No, not on his watch. Special-Agent-in-Charge Cannon fumed; the rat-tat-tat of his fingers drumming the desktop sounded like a machine gun on full auto.

“Of all people, why pick on the bride’s mother-in-law? Couldn’t you have targeted someone less controversial instead, say, the Russian Ambassador?”

Woods said, “How were we to know the woman was sitting near the kitchen door cooling off after the line dance?”

“You could have looked, you moron. The woman’s as big as a house, how could you miss her? Is your eyesight failing you, Woods? What was your score on your last weapons qualification? Did you manage to even hit the target?”

Soto snickered behind his hand. “We certainly hit that target. Impossible to miss!”

Kaboom half rose from his chair and roared like his namesake. “That’s quite enough out of you!” He sat back down and rubbed a hand across this face.

Woods spoke quickly trying to head off the chief from saying anything they really didn’t want to hear.

“We’re sorry, chief. The bride assured us her mother-in-law is feeling better now. She never knew where that bucket of water came from; she only got a little soaked. And the bride, well, after we apologized, she was a good sport about it; she promised not to tell a soul.”

“What am I going to do with you two? My best agents, but how am I going to keep you on the president’s security detail if you keep screwing up like this? You’re not back in college, boys; this is the big leagues. You’re supposed to be guarding the most powerful man in the world and his family, not arranging a dunking of one of your fellow agents. And I’ll tell you another thing, if you had tipped that bucket of water all over Radner instead of the fat broad, he would have shot both of you. And the way I’m feeling right now, I’d cheer him on.”

“Aw, c’mon, KC. You don’t mean that.” Soto immediately clamped his mouth shut when Cannon jerked his head around sharply, those steely eyes bored holes through his skull.

“Get out of here! Take the day off, go to the zoo, anyplace, but stay out of my sight!”

Agents Soto and Woods almost made it out the door when the chief called out. “Oh, I almost forgot. There’s a new agent transferring over from the advance team tomorrow. Agent Bailey Cousins will be the new liaison between our office and the vice president’s security detail. I don’t want any funny business out of you two. Not like the last time.”

“Who, us?” Woods asked, the picture of innocence. “Don’t worry about us, chief. We like to think of ourselves as the ‘gentle’ bronco busters.”

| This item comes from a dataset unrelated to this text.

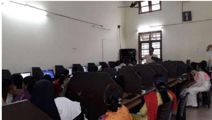
Computer Literacy Class for Office Staff of Alphonsa College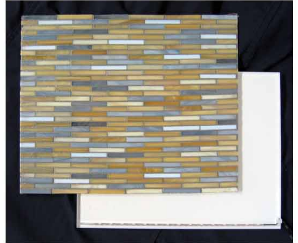
LED light sheet with grouted stained glass mosaic panel.

Power supply: Input 100-240 VAC / Output 12/24vdc

“Yeah, we’ll take loving care of him; break him in gently to see what he’s made of,” Soto said with a wink. He wore a grin that stretched from ear to ear.

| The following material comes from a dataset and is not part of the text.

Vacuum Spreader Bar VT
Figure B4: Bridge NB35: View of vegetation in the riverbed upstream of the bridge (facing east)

“What?” said the duo in unison.

“I said, ‘she.’ Agent Cousins is a she, not he. I’m giving you fair warning; I’ve heard that she doesn’t put up with any foolishness from anybody. So, no more of your shenanigans or you’ll find yourselves in HR explaining a workplace harassment charge. Now beat it!”

The two agents hurriedly exited the chief’s office.

Woods quoted, “‘Well, here’s another nice mess you’ve gotten us into, Stanley.’ What’s next? I know, let’s spray-paint the Washington Monument,” he suggested. “Or fill the Reflecting Pool with detergent.”

Soto strutted down the hallway like the cat that ate the canary now that he no longer faced Cannon’s wrath. “Relax, Woodsy boy. Old ‘Kaboom’ has our backs. He always does.”

“Yeah, but for how much longer? I’m telling you; you’ve got to quit with the practical jokes. I don’t want to end up unemployed, or worse. KC might reassign us to Point Barrow.

“Hey, did you hear what the chief said? We gotta a new ‘cruit joining the team. This’ll be fun!”

“Oh, hell no! We’re leaving this one alone. You nearly killed the last guy. That gag with the exploding telephone was really over the top.”

“You worry too much. Besides, the guy had no sense of humor. We’ll find out soon enough whether the newbie can handle the pressure. I’ve got a couple of ideas in mind.”

“Just remember, I hate chilly weather,” Woods said.

# # # #

On returning to their office, the agents checked the duty roster to see when they were due for their next shift. Agents rotated several times a day, and at least one agent stood guard outside the Oval Office so that, in case of an emergency, the duty agent was in position to cover the president.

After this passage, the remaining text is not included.